SUPPLIED DATA:
=== Section Start ===
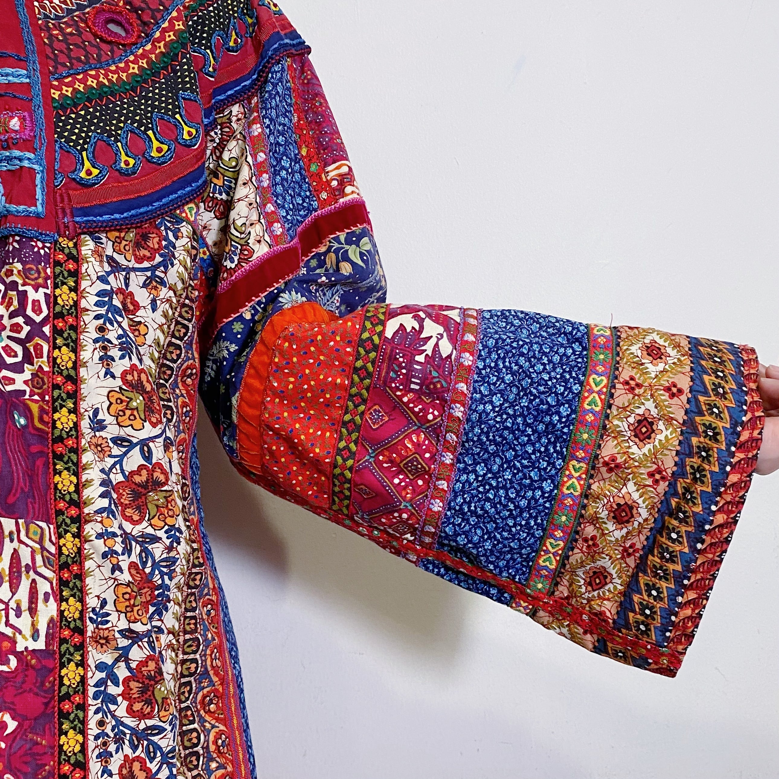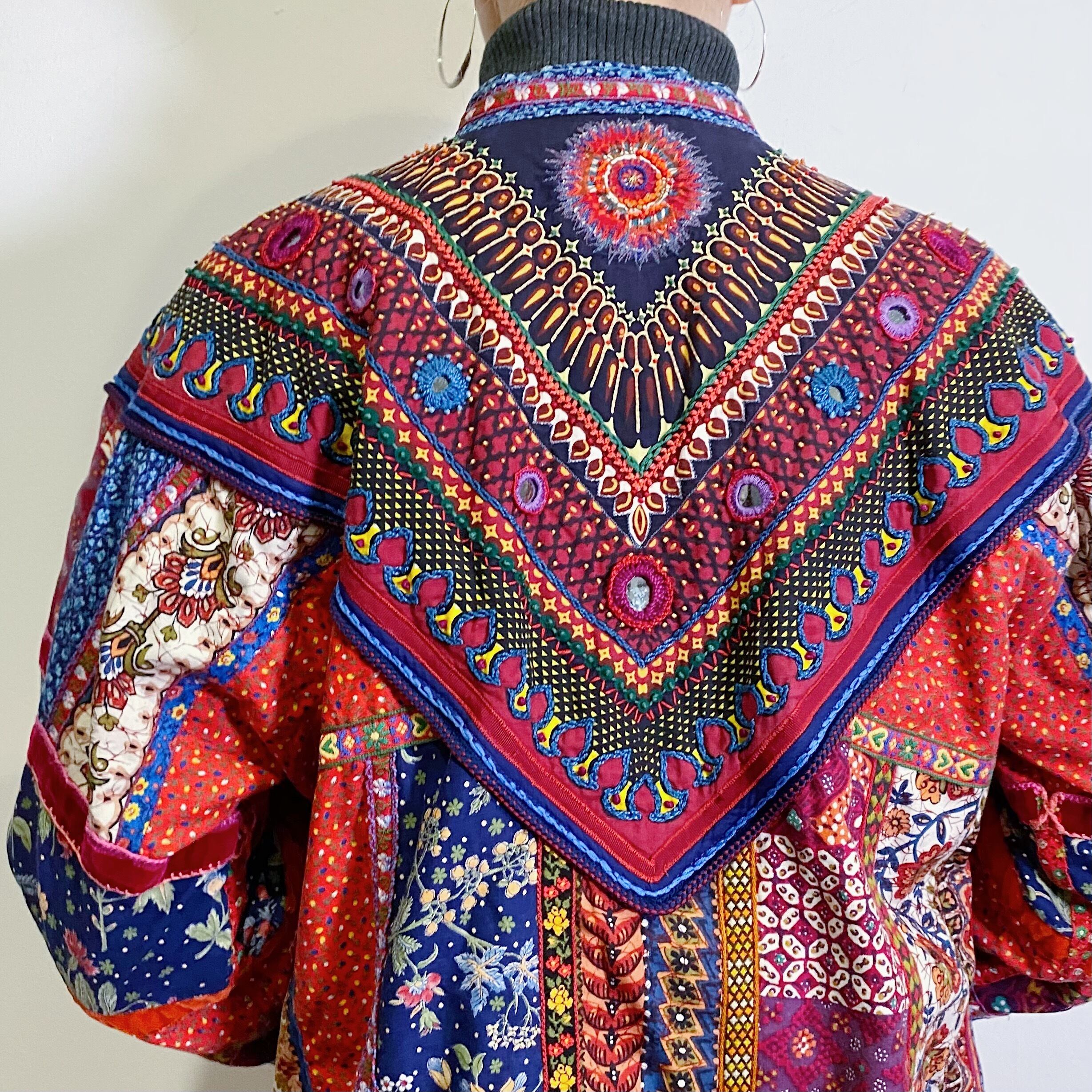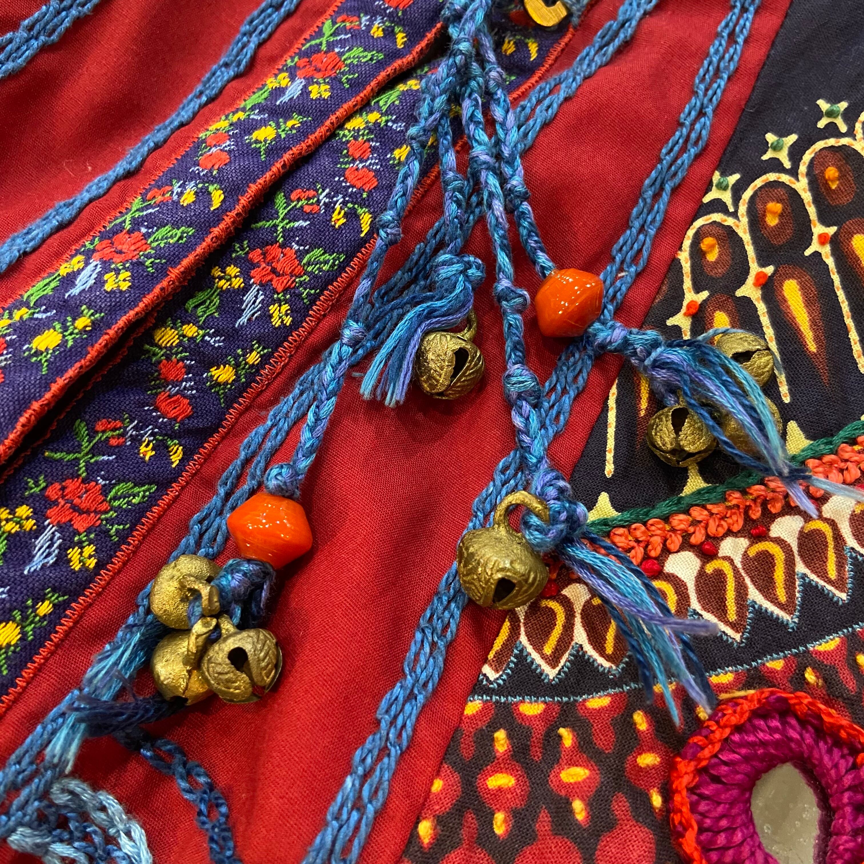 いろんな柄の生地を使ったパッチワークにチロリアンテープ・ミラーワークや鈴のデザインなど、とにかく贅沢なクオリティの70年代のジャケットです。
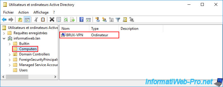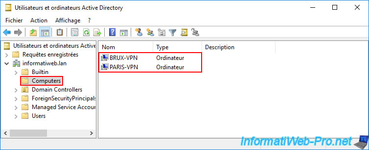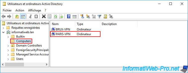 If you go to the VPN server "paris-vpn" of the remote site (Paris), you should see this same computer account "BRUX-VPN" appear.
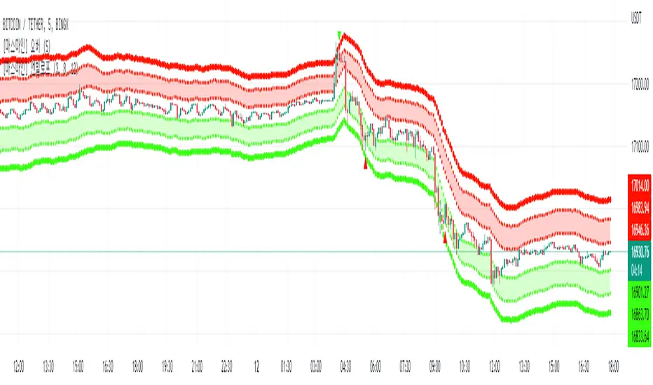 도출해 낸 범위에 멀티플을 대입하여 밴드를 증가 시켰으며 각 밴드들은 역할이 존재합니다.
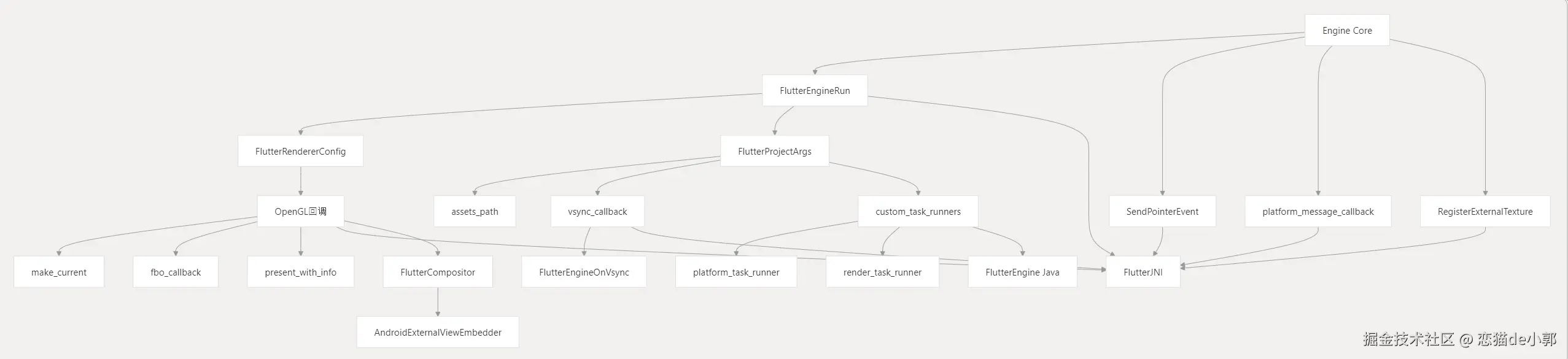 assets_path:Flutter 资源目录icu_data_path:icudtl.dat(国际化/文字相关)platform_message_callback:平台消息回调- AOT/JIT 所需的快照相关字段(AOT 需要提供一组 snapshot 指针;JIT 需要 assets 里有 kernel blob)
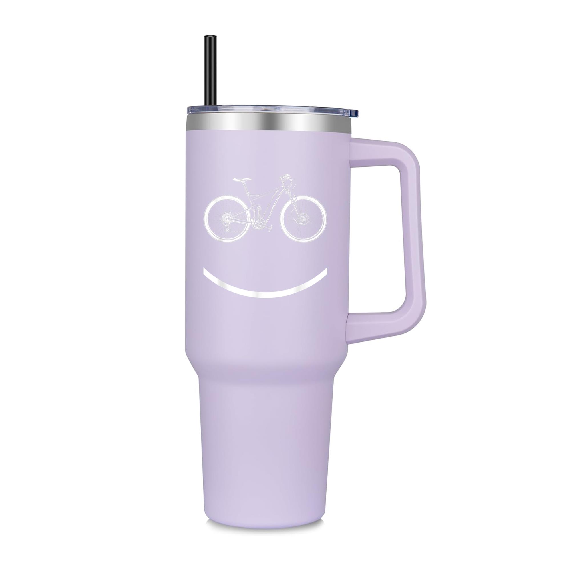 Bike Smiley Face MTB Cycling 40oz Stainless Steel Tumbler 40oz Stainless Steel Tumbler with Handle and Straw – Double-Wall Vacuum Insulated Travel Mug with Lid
=== Section End ===
=== Section Start ===
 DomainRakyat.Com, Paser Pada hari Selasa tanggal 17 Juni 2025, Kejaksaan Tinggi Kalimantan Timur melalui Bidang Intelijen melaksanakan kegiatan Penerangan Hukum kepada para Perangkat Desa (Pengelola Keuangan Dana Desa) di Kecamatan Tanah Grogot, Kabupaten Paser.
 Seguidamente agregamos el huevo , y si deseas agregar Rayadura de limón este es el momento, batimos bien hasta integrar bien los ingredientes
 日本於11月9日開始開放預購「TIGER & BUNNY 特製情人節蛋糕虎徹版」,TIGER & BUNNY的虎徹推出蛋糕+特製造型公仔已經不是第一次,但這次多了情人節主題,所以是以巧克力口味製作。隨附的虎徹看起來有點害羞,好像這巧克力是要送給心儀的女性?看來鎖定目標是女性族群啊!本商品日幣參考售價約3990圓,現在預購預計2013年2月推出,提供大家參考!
=== Section End ===
ACTIVITY:
Copy word for word the stretch of entries above from the line that has "Seguidamente agregamos el" through the line that has "日本於11月9日開始開放預購「TIGER & BUNNY", both ends included, and nothing outside it.

ANSWER BOX:
 Seguidamente agregamos el huevo , y si deseas agregar Rayadura de limón este es el momento, batimos bien hasta integrar bien los ingredientes
 日本於11月9日開始開放預購「TIGER & BUNNY 特製情人節蛋糕虎徹版」,TIGER & BUNNY的虎徹推出蛋糕+特製造型公仔已經不是第一次,但這次多了情人節主題,所以是以巧克力口味製作。隨附的虎徹看起來有點害羞,好像這巧克力是要送給心儀的女性?看來鎖定目標是女性族群啊!本商品日幣參考售價約3990圓,現在預購預計2013年2月推出,提供大家參考!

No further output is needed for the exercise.